Yea Davey is a top man very passionate about driving the product and very helpdul as well!


----------



## Dipesh (Oct 12, 2007)

2 very under rated products. These 2 waxes are favourites. I love there super fast curing times.


----------



## Ultra (Feb 25, 2006)

Dipesh said:


> 2 very under rated products. These 2 waxes are favourites. I love there super fast curing times.


The concours caught me out first time i used it, a very good wax.


----------



## Mr Face (Jan 22, 2009)

dennis said:


> Good luck with the venture the concours wax is a hidden gem, Been using it for a while now and like it. :thumb:


Hi Dennis, bought my Concourse a year or so back now and still havent got around to breaking the seal.

Would love to see a pic and your thoughts about durability.

p.s. you said curing time caught you out, can you explain please.

Many thanks :thumb:


----------



## Mr Face (Jan 22, 2009)

dennis said:


> The concours caught me out first time i used it, a very good wax.


OK, think I understand : from Valentines

Use the applicator provided. Very little wax is needed. Apply in straight lines - don't swirl in circles. Make sure the surface is evenly covered. Treat a small area at a time - one quarter to one third of a body panel.

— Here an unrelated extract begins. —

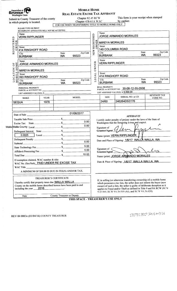 | 5 | 01/06/2017 | MH AFFIDAV | MOBILE HOME AFFIDAVIT | RIPPLINGER VERN | MORALES JORGE & MIREYA | | | | 131731 | MHAFF-131731 |

Do not allow our wax to dry out on the car! - ideally, polish off immediately. If you leave it too long and it sets, don't try to rub it off. Just apply a little more to soften the first coat and polish off as usual.


----------



## adam91 (Mar 17, 2009)

Looking to get my self one of each sometime... 
As mentioned previously, Davey's a top lad, will do anything to meet your needs, went as far as ringing around 5 or 6 suppliers to get me a wet vac. 
Seen the end result of the product on his old VR6 Golf, and it was outstanding 
Bring on pay day lol


----------



## Ultra (Feb 25, 2006)

Mr Face said:


> Hi Dennis, bought my Concourse a year or so back now and still havent got around to breaking the seal.
> 
> Would love to see a pic and your thoughts about durability.
> 
> ...


On a warm day working inside coating two panels a time is enough as the curing time is short, as for durability i never wait for a wax to wear off on my own vehicles so am not really bothered about how long it lasts, but the water sheeting cracking which make washing and drying a breeze.


----------



## IanG (Nov 21, 2007)

I own both of the Valentines Waxes and like the finish they give

Good luck with the new venture :wave:


----------